This is a strategy to defer capital gains taxes on selling stock in a
closely held corporation when you are ready to retire. The tax benefits of an
employee stock ownership plan (ESOP) are absolutely awesome for business
owners who want to sell their business without having a big tax bill. Here's a
very brief explanation.
First, you set up an employee stock ownership plan (ESOP) trust. This is a
trust to hold tax qualified retirement assets for employees, but the law
permits the ESOP trust to invest any amount of the retirement assets in the
stock of the employer corporation.
Owners of the corporation who own at least 30% of the corporate stock can
then sell their stock to the ESOP Trust for cash.
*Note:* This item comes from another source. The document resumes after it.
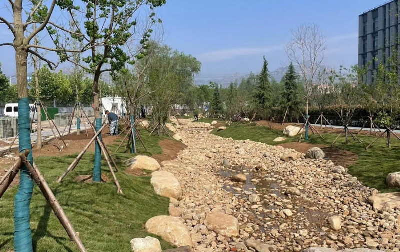 东区南侧水系西延段河底砾石及草坪施工现场照片

The ESOP Trust gets the cash
by taking out a loan with a bank or insurance company. The loan is secured by
an obligation of the corporation to make (deductible) employee retirement plan
contributions to the ESOP Trust, sufficient to pay off the loan. The trust
then uses those retirement plan contributions to pay off the loan from the
lender.
Meanwhile, if the owner re-invests his sales proceeds in a variety of U.S.
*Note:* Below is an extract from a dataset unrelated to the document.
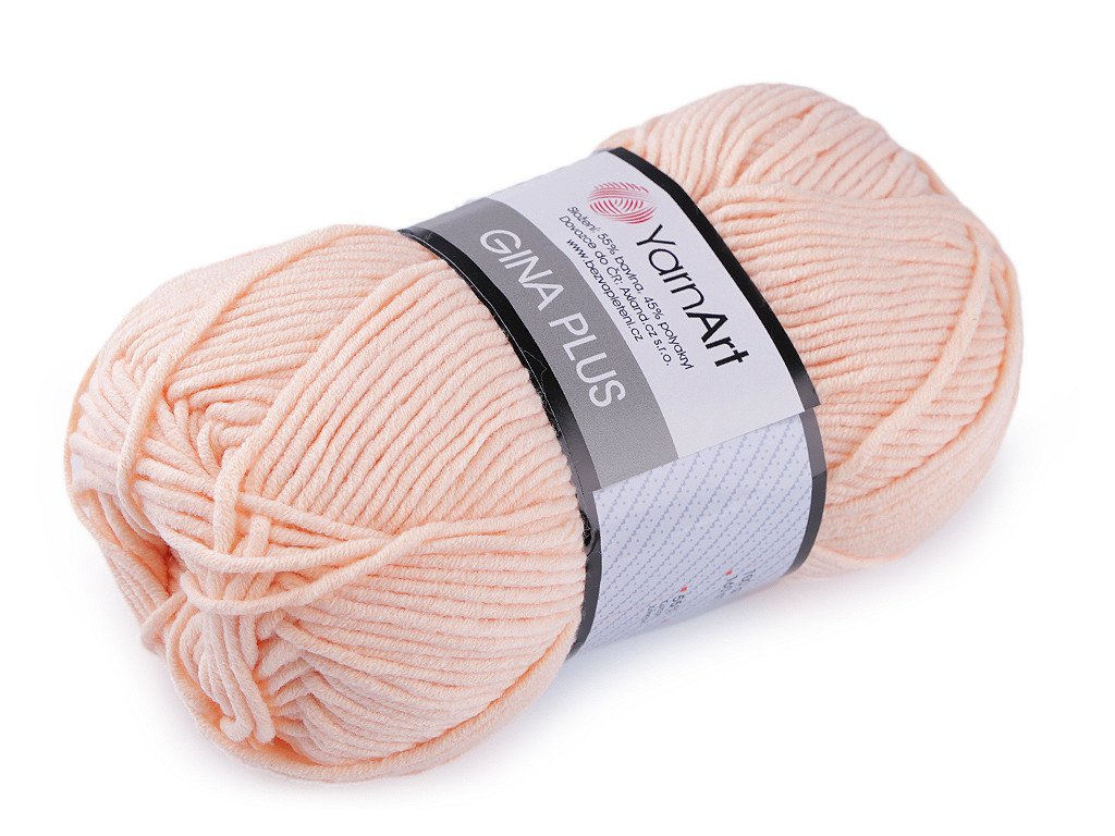Pletací příze Gina Plus je díky vysokému podílu bavlny velmi příjemná na dotek.

corporate stocks or bonds, there is no capital gains tax until those
securities are sold. Basically, the ESOP permits you to exchange your
corporate stock for a diversified portfolio of income and/or growth
investments on a tax deferred basis.
This strategy is only useful if your potential capital gain is the result
of owning highly appreciated stock in a closely help corporation and if there
are employees who would like to have an ownership interest in the business.
Implementation
The establishment of an ESOP can be a costly process. The business must be
appraised every year by a qualified appraiser. The ESOP is a qualified
employee retirement savings plan that must satisfy the various requirements of
ERISA and the applicable tax code sections.
This is a complex area of tax law that is in a frequent state of change.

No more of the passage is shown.